_Data provided_:
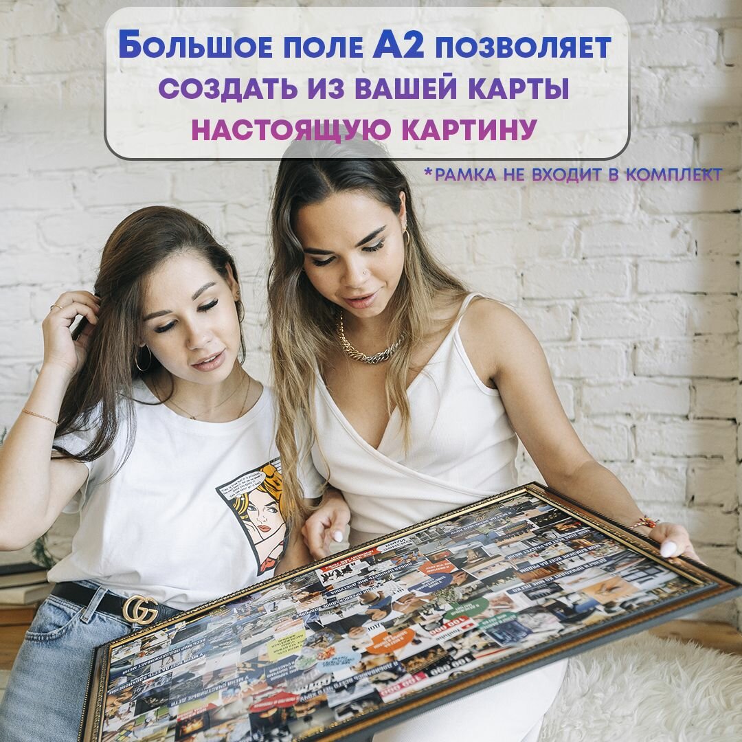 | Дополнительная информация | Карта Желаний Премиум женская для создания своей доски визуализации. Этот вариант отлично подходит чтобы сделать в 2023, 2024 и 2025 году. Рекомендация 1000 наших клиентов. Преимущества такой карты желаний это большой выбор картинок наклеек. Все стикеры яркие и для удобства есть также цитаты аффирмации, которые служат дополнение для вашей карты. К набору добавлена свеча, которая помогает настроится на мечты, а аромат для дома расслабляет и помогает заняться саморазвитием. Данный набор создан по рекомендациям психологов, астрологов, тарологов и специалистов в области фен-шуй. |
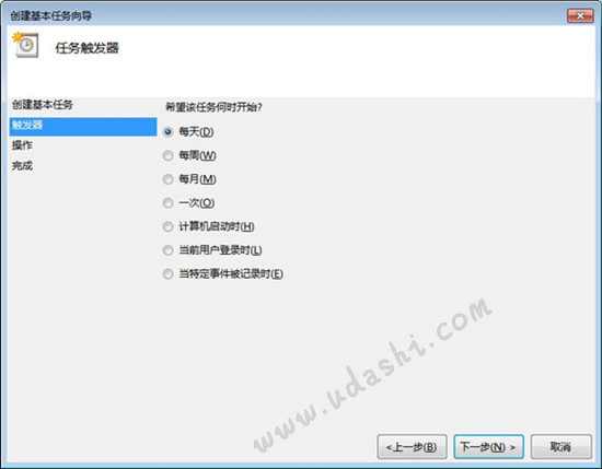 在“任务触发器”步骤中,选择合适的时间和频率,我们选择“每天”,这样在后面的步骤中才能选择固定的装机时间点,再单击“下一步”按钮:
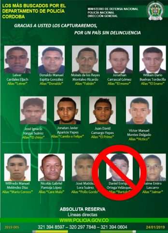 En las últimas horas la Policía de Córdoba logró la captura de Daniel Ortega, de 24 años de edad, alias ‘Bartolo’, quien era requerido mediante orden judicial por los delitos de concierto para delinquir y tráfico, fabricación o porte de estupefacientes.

_Problem_: The material above must be printed exactly, with its pictures left out.

_Reply_:
 | Дополнительная информация | Карта Желаний Премиум женская для создания своей доски визуализации. Этот вариант отлично подходит чтобы сделать в 2023, 2024 и 2025 году. Рекомендация 1000 наших клиентов. Преимущества такой карты желаний это большой выбор картинок наклеек. Все стикеры яркие и для удобства есть также цитаты аффирмации, которые служат дополнение для вашей карты. К набору добавлена свеча, которая помогает настроится на мечты, а аромат для дома расслабляет и помогает заняться саморазвитием. Данный набор создан по рекомендациям психологов, астрологов, тарологов и специалистов в области фен-шуй. |
 在“任务触发器”步骤中,选择合适的时间和频率,我们选择“每天”,这样在后面的步骤中才能选择固定的装机时间点,再单击“下一步”按钮:
 En las últimas horas la Policía de Córdoba logró la captura de Daniel Ortega, de 24 años de edad, alias ‘Bartolo’, quien era requerido mediante orden judicial por los delitos de concierto para delinquir y tráfico, fabricación o porte de estupefacientes.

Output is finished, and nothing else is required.